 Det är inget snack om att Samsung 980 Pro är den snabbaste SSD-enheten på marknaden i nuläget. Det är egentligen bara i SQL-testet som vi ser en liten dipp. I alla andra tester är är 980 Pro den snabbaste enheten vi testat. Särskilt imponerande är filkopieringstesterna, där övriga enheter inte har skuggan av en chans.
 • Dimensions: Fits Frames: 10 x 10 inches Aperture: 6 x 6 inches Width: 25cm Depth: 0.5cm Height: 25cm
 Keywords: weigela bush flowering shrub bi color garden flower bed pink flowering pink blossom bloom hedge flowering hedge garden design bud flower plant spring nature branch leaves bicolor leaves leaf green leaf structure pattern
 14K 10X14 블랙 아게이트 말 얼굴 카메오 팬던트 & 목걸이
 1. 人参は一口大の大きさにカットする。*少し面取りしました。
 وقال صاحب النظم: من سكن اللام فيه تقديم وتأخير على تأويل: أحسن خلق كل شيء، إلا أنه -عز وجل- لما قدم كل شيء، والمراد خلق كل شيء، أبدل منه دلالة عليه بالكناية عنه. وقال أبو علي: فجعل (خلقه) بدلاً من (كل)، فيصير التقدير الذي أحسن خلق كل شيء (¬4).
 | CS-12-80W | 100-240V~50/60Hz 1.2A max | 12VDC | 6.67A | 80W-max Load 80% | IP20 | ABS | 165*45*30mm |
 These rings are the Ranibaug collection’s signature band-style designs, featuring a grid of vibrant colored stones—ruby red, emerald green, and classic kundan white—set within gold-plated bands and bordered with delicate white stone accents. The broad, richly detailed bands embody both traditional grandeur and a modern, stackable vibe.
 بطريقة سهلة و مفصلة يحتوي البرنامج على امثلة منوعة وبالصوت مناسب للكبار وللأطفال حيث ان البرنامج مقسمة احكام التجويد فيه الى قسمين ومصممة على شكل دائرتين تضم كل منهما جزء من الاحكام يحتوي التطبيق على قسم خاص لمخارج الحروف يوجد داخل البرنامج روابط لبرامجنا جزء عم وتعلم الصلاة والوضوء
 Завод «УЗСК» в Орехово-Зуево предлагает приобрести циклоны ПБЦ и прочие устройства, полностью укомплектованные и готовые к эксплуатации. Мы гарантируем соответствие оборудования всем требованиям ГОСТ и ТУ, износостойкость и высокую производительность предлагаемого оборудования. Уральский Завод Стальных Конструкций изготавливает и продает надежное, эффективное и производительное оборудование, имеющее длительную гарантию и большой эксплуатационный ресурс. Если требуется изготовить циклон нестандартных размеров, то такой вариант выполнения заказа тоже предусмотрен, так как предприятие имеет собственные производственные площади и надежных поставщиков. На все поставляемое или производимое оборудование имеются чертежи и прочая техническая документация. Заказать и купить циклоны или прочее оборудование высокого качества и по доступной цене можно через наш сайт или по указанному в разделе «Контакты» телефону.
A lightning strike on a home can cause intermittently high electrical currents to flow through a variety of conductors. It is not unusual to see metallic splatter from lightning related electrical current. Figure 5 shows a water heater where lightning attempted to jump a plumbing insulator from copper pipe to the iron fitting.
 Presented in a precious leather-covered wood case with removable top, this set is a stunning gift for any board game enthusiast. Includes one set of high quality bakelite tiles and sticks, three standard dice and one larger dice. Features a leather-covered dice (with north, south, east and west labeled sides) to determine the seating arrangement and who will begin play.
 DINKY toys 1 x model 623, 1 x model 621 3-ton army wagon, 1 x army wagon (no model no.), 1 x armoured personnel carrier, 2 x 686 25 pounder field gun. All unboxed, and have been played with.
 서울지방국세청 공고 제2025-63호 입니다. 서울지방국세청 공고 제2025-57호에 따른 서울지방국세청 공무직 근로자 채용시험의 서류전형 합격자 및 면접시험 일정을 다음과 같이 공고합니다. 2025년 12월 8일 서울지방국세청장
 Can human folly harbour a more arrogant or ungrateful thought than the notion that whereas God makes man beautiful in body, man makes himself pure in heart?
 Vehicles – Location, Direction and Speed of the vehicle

========================

Goal of the exercise :: Could you give again, word for word, the line with "서울지방국세청 공고 제2025-63호" and all lines after it through the end of the data? Leave out everything else.

Response ::
 서울지방국세청 공고 제2025-63호 입니다. 서울지방국세청 공고 제2025-57호에 따른 서울지방국세청 공무직 근로자 채용시험의 서류전형 합격자 및 면접시험 일정을 다음과 같이 공고합니다. 2025년 12월 8일 서울지방국세청장
 Can human folly harbour a more arrogant or ungrateful thought than the notion that whereas God makes man beautiful in body, man makes himself pure in heart?
 Vehicles – Location, Direction and Speed of the vehicle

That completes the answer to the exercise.